**Work to be completed:** Keep the wording of each record exactly the same when you repeat it, and leave out pictures.

**Stored items from a collection:**

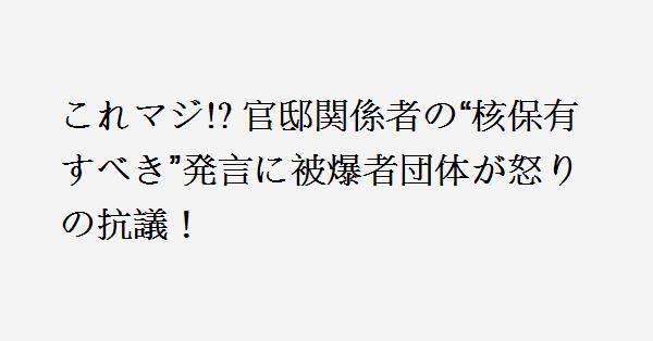2、非核三原則に反することを言うと、それがオフレコの場での個人的見解であっても弾圧されるというこの国の言論空間にこそ、驚きと憤りを禁じ得ないけどねそもそも非核三原則は60年も前に佐藤栄作内閣が言い出したものであって、国際的な約束事でもなければ、法律でもないこんなもので現内閣を縛ろうとすることは、法治国家としてどうかと思うよそこまで大事なら改憲して憲法にでも明記すればいい
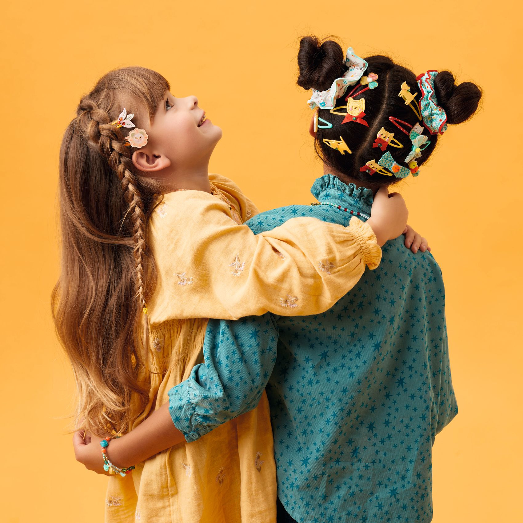 Sada sponek Nina dodá dětskému účesu roztomilý a hravý nádech. Obsahuje dvě kovové sponky zdobené bavlněnou mašlí a třemi akrylovými kočičími hlavami. Jsou lehké, pohodlné a dobře drží po celý den.
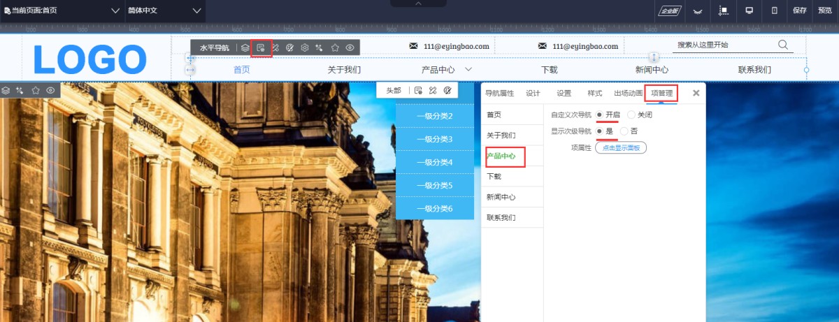 1,在导航属性-项管理里,给一级导航开启自定义导航并开启显示。
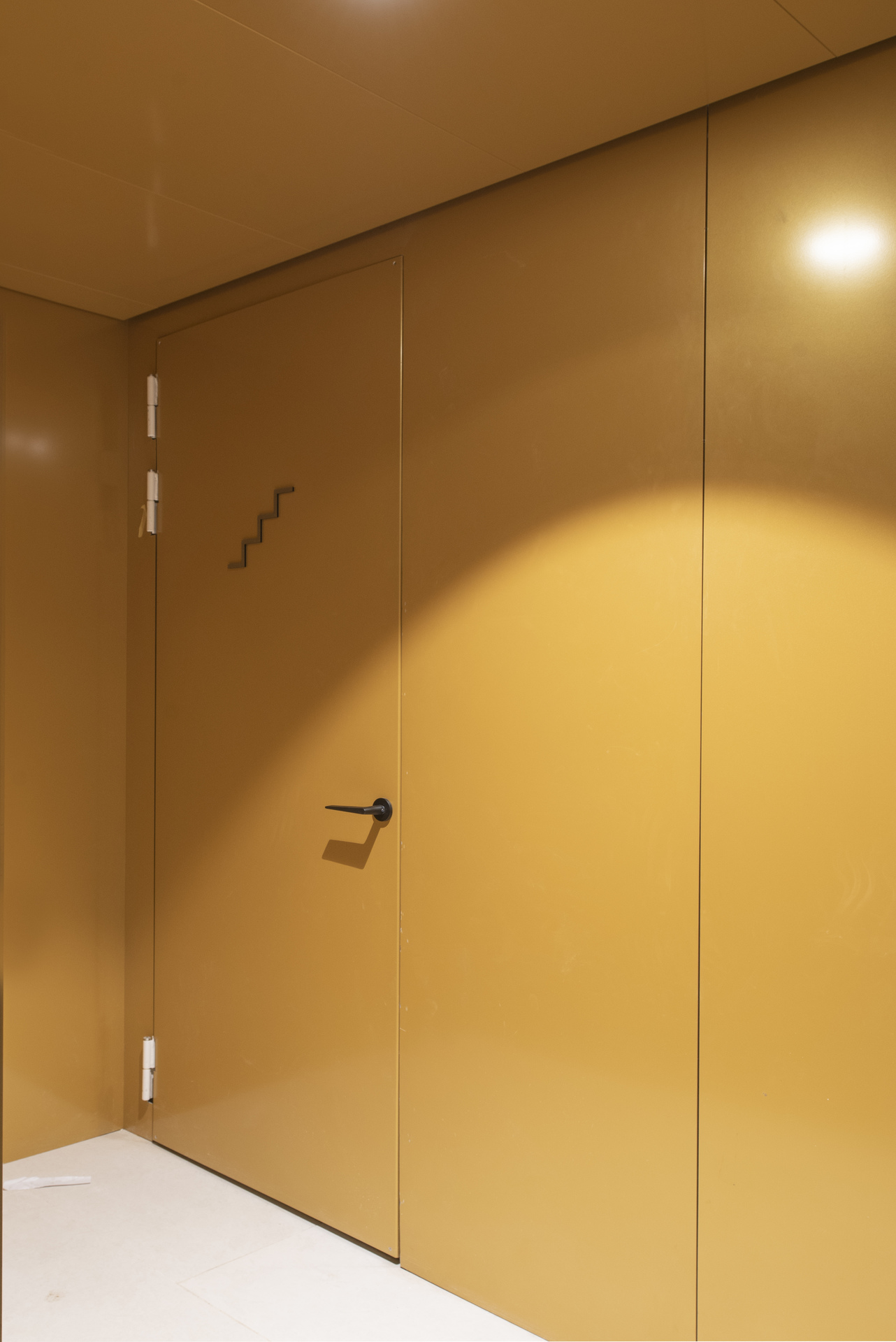The Muse, want inspirerend was het zeker. De unieke opbouw van het gebouw, de prachtige witte balkons voorzien van balusterloos glashekwerk en het bijna ‘gouden’ kamertje. Omringt met postvakjes kijkt u naar de aluminium beplating die niet alleen gecombineerd wordt met onze stalen deuren, maar ook met de muren! Tot slot hebben we ook nog lamellenhekwerk geplaatst en een stalen trap.
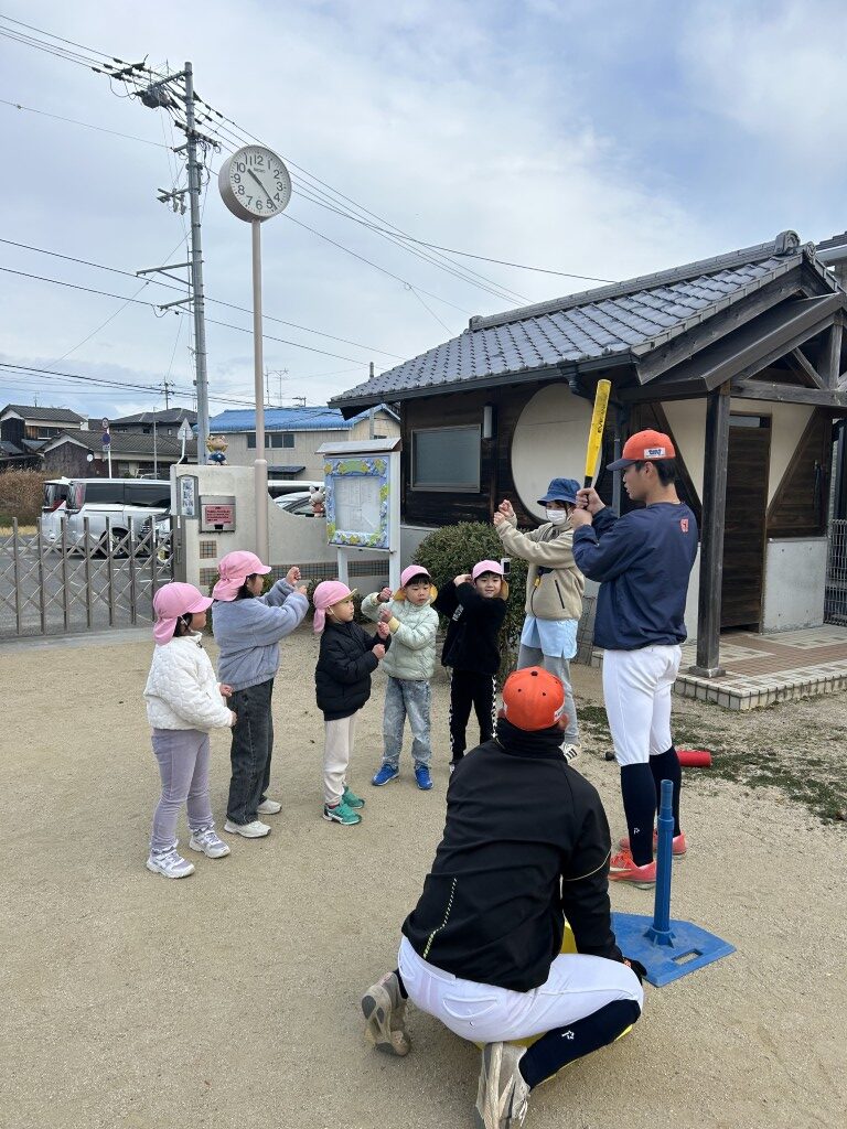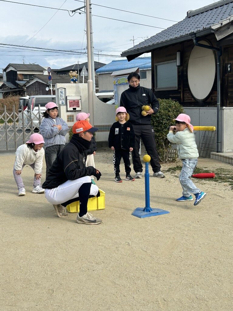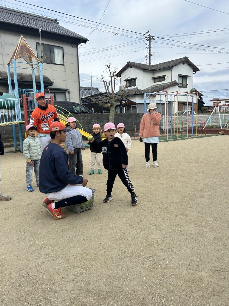 今回は菊間保育所 も合同で実施。計5名の元気いっぱいの園児たちと野球体験スタート。
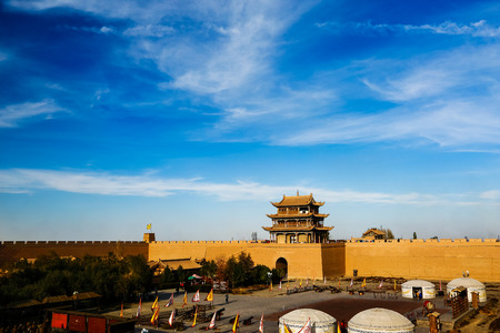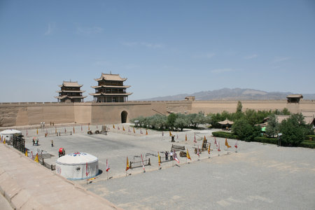 JIAYUGUAN, CHINA - AUGUST 22, 2018: View of Jiayuguan Fort courtyard with yurts, Gansu Province, China
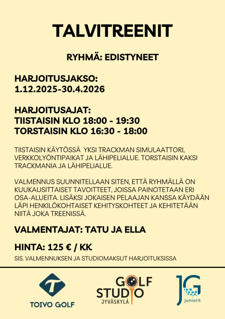 Harjoitukset pidetään Golf Studio Jyväskylän tiloissa Kirrissä.
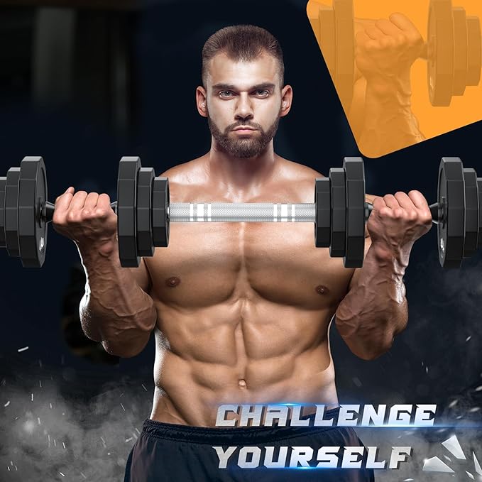 - Perfect for Strength Training: Not limited to workout equipment combinations, this dumbbell weights set comes with a connecting rod and can be assembled as a barbell to improve full-body muscle training. Adjustable design helps fitness enthusiasts increase their strength, burn fat, and shape their bodies.Dumbbells offers a better training way than other home gym equipment. Realize your home gym dreams with just a set of dumbbells. Perfect workout dumbbells gift for men and women.
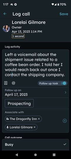 Al final de tu llamada desde tu operador de telefonía móvil o utilizando la herramienta HubSpot Calling, tienes la opción de crear un registro de llamadas.
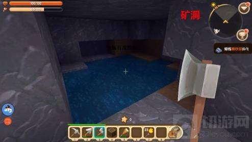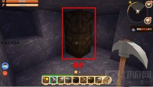 2.寻找铁矿。寻找铁矿主要有以下两种方式,选择某层地面一直往下挖,挖得比较深时可能会遇到铁块;寻找天然矿洞,里面一般有大量铁矿石和煤炭资源哦。
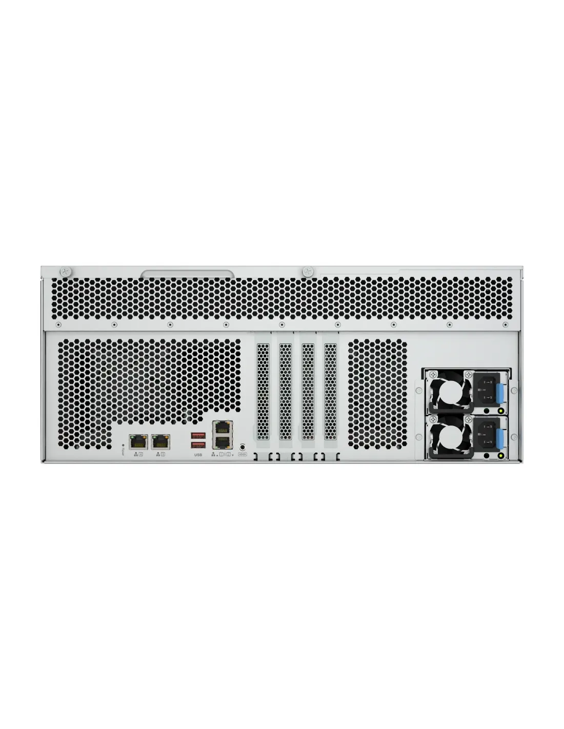 QNAP TS-h2477AXU-RP. Tipo: Servidor de almacenamiento. Tipo de chasis: Bastidor (4U). Clase del dispositivo: Pequeñas y medianas empresas. Familia de procesador: AMD Ryzen™ 7, Modelo del procesador: 7745. Memoria interna: 32 GB, Tipo de memoria interna: DDR5. Capacidad de almacenamiento total instalado: 0 TB. Sistema operativo instalado: QNAP QTS
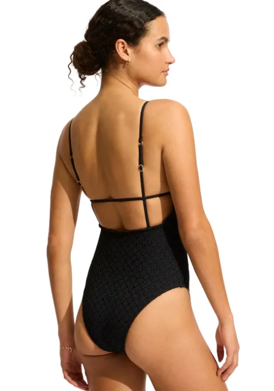 Look chic in the Daydreamer V Neck Swimsuit in Black by swimwear designer Seafolly. In feminine broderie anglaise, this flattering v neck swimsuit features ruffle trim, with optional padding, shelf bra and adjustable straps to create the perfect fit.
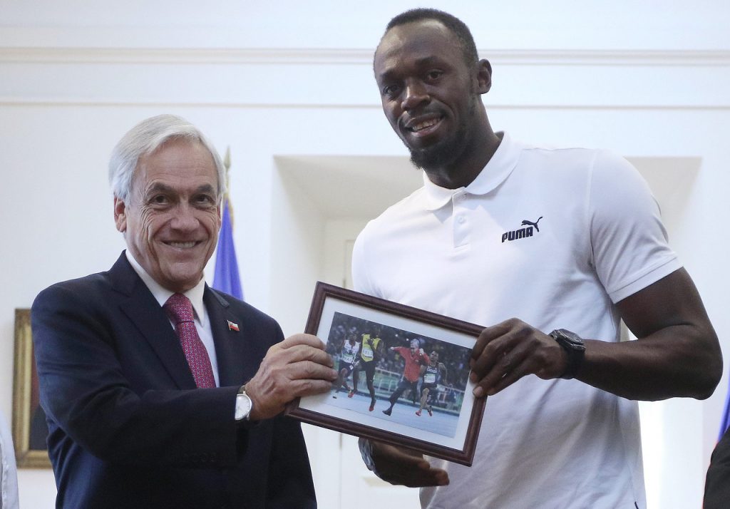 El Presidente Sebastián Piñera recibió este lunes en La Moneda a quien es apodado el mejor atleta de todos los tiempos, el jamaicano Usain Bolt, que está en nuestro país desde este domingo.
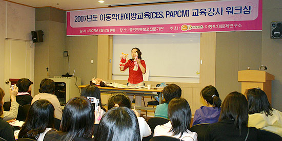아동학대예방프로그램인 CES, PAPCM은 아동, 부모, 교사를 대상으로 한 통합교육으로 진행되며 현장에서 교육을 진행할 교육강사를 모집하여 매해 교육강사 워크샵을 실시하고 있습니다.
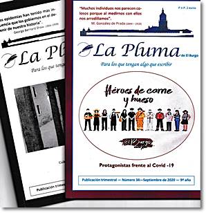 La Pluma sigue cumpliendo su compromiso pese al virus maligno. Como puede verse en las portadas, en una se recuerda a quienes se fueron (incluso eliminando la página de humor) y en la otra se homenajea a los héroes de carne y hueso, esos que han hecho posible el alivio en tiempos del Covid. Javier Nicolás escribe de dos grandes escritores: Dionisio Ridruejo y Antonio Machado. En la número 34 entrevista a Fernando Sánchez Dragó. El mismo Nicolás en el apartado de narrativa, recuerda su infancia en Casarejos, donde vuelve a leer a Dionisio Ridruejo. En la sección de narrativa, además del anterior, las eminentes plumas de los habituales de la revista: Carlos Robredo, Julio Pina, Alfonso Bengoechea, Pedro Navazo, Ángel Cuesta, Susana Maroto y Magdalena Landa. En Poesía los no menos eminentes Carlos Aranda, Carlos Robredo, Asunción Alcoceba y Sara Peña. En el número 34 se homenajea, con el poema-canción “Tatuaje” a Rafael de León, que fue IX conde de Gómara y a quien, por ausencia de descendencia, sucedió su sobrino. También en la número 34, A. Domínguez se despacha a gusto, y con razón, con el felón Fernando VII. En fin, esto y mucho más, puede leerse en La Pluma, cuya adquisición recomendamos vivamente para disfrute de los sentidos y del conocimiento.
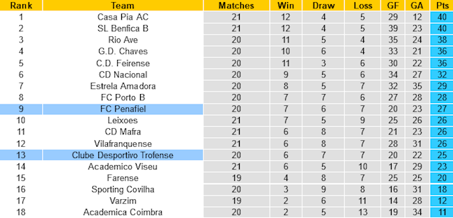 Phía đối diện, Trofense hiện tại mới chỉ có được 25 điểm sau 13 vòng, trên 2 bậc so với khu vực cầm đèn đỏ cùng khoảng cách 7 điểm. Tuy nhiên phong độ của thầy trò HLV Francisco Chalo thời gian gần đây lại có tín hiệu khởi sắc: thắng 1 và hòa 1 ở 2 vòng vừa qua tại giải hạng 2. Trên sân khách Trofense kiếm được điểm ở 3/4 trận gần nhất (thắng 2).
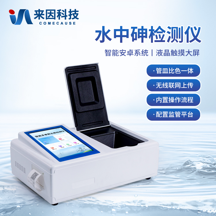水中砷检测仪是一款基于分光光度法原理研发的智能化水中总砷检测仪,专门用于饮用水、地表水、地下水及废水中总砷的快速定量分析。仪器采用高性能LED光源与大面积光电池,结合优化的硝酸银-聚乙烯醇吸收显色体系,确保了在420nm波长下检测的高灵敏度与稳定性。其搭载的Android智能操作系统与,使操作直观流畅;具备万条数据存储、Wi-Fi/蓝牙传输及防水机身,非常适合实验室与现场检测场景。仪器支持多点标定与内置曲线,配合Type-C通用充电与长续航设计,为用户提供了准确、便捷、可靠的一体化砷检测解决方案。
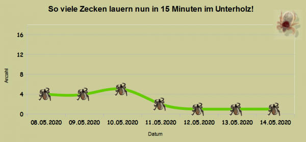 Spätestens Montag ist mit einem Kaltlufteinbruch aber wieder Schluss mit dem wilden Zeckentreiben. Danach werden die Tage zwar milder, kalte Nächte und die andauernde Trockenheit halten die Zeckenzahlen aber auf einem für diese Jahreszeit geringen Niveau.
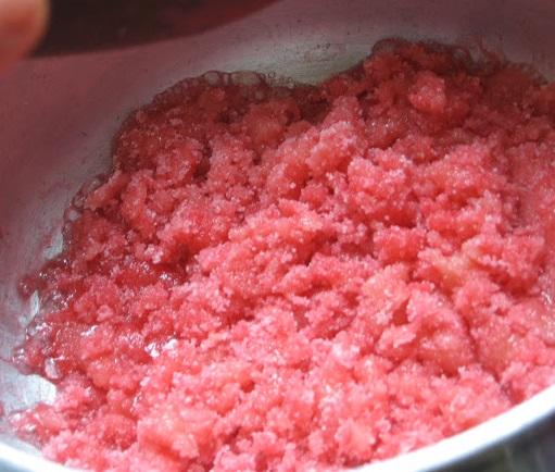 Leve ao fogo baixo uma panela com a água, o açúcar, a glicose e o corante.

**Answer to this exercise:**
2、非核三原則に反することを言うと、それがオフレコの場での個人的見解であっても弾圧されるというこの国の言論空間にこそ、驚きと憤りを禁じ得ないけどねそもそも非核三原則は60年も前に佐藤栄作内閣が言い出したものであって、国際的な約束事でもなければ、法律でもないこんなもので現内閣を縛ろうとすることは、法治国家としてどうかと思うよそこまで大事なら改憲して憲法にでも明記すればいい
 Sada sponek Nina dodá dětskému účesu roztomilý a hravý nádech. Obsahuje dvě kovové sponky zdobené bavlněnou mašlí a třemi akrylovými kočičími hlavami. Jsou lehké, pohodlné a dobře drží po celý den.
 1,在导航属性-项管理里,给一级导航开启自定义导航并开启显示。
The Muse, want inspirerend was het zeker. De unieke opbouw van het gebouw, de prachtige witte balkons voorzien van balusterloos glashekwerk en het bijna ‘gouden’ kamertje. Omringt met postvakjes kijkt u naar de aluminium beplating die niet alleen gecombineerd wordt met onze stalen deuren, maar ook met de muren! Tot slot hebben we ook nog lamellenhekwerk geplaatst en een stalen trap.
 今回は菊間保育所 も合同で実施。計5名の元気いっぱいの園児たちと野球体験スタート。
 JIAYUGUAN, CHINA - AUGUST 22, 2018: View of Jiayuguan Fort courtyard with yurts, Gansu Province, China
 Harjoitukset pidetään Golf Studio Jyväskylän tiloissa Kirrissä.
 - Perfect for Strength Training: Not limited to workout equipment combinations, this dumbbell weights set comes with a connecting rod and can be assembled as a barbell to improve full-body muscle training. Adjustable design helps fitness enthusiasts increase their strength, burn fat, and shape their bodies.Dumbbells offers a better training way than other home gym equipment. Realize your home gym dreams with just a set of dumbbells. Perfect workout dumbbells gift for men and women.
 Al final de tu llamada desde tu operador de telefonía móvil o utilizando la herramienta HubSpot Calling, tienes la opción de crear un registro de llamadas.
 2.寻找铁矿。寻找铁矿主要有以下两种方式,选择某层地面一直往下挖,挖得比较深时可能会遇到铁块;寻找天然矿洞,里面一般有大量铁矿石和煤炭资源哦。
 QNAP TS-h2477AXU-RP. Tipo: Servidor de almacenamiento. Tipo de chasis: Bastidor (4U). Clase del dispositivo: Pequeñas y medianas empresas. Familia de procesador: AMD Ryzen™ 7, Modelo del procesador: 7745. Memoria interna: 32 GB, Tipo de memoria interna: DDR5. Capacidad de almacenamiento total instalado: 0 TB. Sistema operativo instalado: QNAP QTS
 Look chic in the Daydreamer V Neck Swimsuit in Black by swimwear designer Seafolly. In feminine broderie anglaise, this flattering v neck swimsuit features ruffle trim, with optional padding, shelf bra and adjustable straps to create the perfect fit.
 El Presidente Sebastián Piñera recibió este lunes en La Moneda a quien es apodado el mejor atleta de todos los tiempos, el jamaicano Usain Bolt, que está en nuestro país desde este domingo.
아동학대예방프로그램인 CES, PAPCM은 아동, 부모, 교사를 대상으로 한 통합교육으로 진행되며 현장에서 교육을 진행할 교육강사를 모집하여 매해 교육강사 워크샵을 실시하고 있습니다.
 La Pluma sigue cumpliendo su compromiso pese al virus maligno. Como puede verse en las portadas, en una se recuerda a quienes se fueron (incluso eliminando la página de humor) y en la otra se homenajea a los héroes de carne y hueso, esos que han hecho posible el alivio en tiempos del Covid. Javier Nicolás escribe de dos grandes escritores: Dionisio Ridruejo y Antonio Machado. En la número 34 entrevista a Fernando Sánchez Dragó. El mismo Nicolás en el apartado de narrativa, recuerda su infancia en Casarejos, donde vuelve a leer a Dionisio Ridruejo. En la sección de narrativa, además del anterior, las eminentes plumas de los habituales de la revista: Carlos Robredo, Julio Pina, Alfonso Bengoechea, Pedro Navazo, Ángel Cuesta, Susana Maroto y Magdalena Landa. En Poesía los no menos eminentes Carlos Aranda, Carlos Robredo, Asunción Alcoceba y Sara Peña. En el número 34 se homenajea, con el poema-canción “Tatuaje” a Rafael de León, que fue IX conde de Gómara y a quien, por ausencia de descendencia, sucedió su sobrino. También en la número 34, A. Domínguez se despacha a gusto, y con razón, con el felón Fernando VII. En fin, esto y mucho más, puede leerse en La Pluma, cuya adquisición recomendamos vivamente para disfrute de los sentidos y del conocimiento.
 Phía đối diện, Trofense hiện tại mới chỉ có được 25 điểm sau 13 vòng, trên 2 bậc so với khu vực cầm đèn đỏ cùng khoảng cách 7 điểm. Tuy nhiên phong độ của thầy trò HLV Francisco Chalo thời gian gần đây lại có tín hiệu khởi sắc: thắng 1 và hòa 1 ở 2 vòng vừa qua tại giải hạng 2. Trên sân khách Trofense kiếm được điểm ở 3/4 trận gần nhất (thắng 2).
水中砷检测仪是一款基于分光光度法原理研发的智能化水中总砷检测仪,专门用于饮用水、地表水、地下水及废水中总砷的快速定量分析。仪器采用高性能LED光源与大面积光电池,结合优化的硝酸银-聚乙烯醇吸收显色体系,确保了在420nm波长下检测的高灵敏度与稳定性。其搭载的Android智能操作系统与,使操作直观流畅;具备万条数据存储、Wi-Fi/蓝牙传输及防水机身,非常适合实验室与现场检测场景。仪器支持多点标定与内置曲线,配合Type-C通用充电与长续航设计,为用户提供了准确、便捷、可靠的一体化砷检测解决方案。
 Spätestens Montag ist mit einem Kaltlufteinbruch aber wieder Schluss mit dem wilden Zeckentreiben. Danach werden die Tage zwar milder, kalte Nächte und die andauernde Trockenheit halten die Zeckenzahlen aber auf einem für diese Jahreszeit geringen Niveau.
 Leve ao fogo baixo uma panela com a água, o açúcar, a glicose e o corante.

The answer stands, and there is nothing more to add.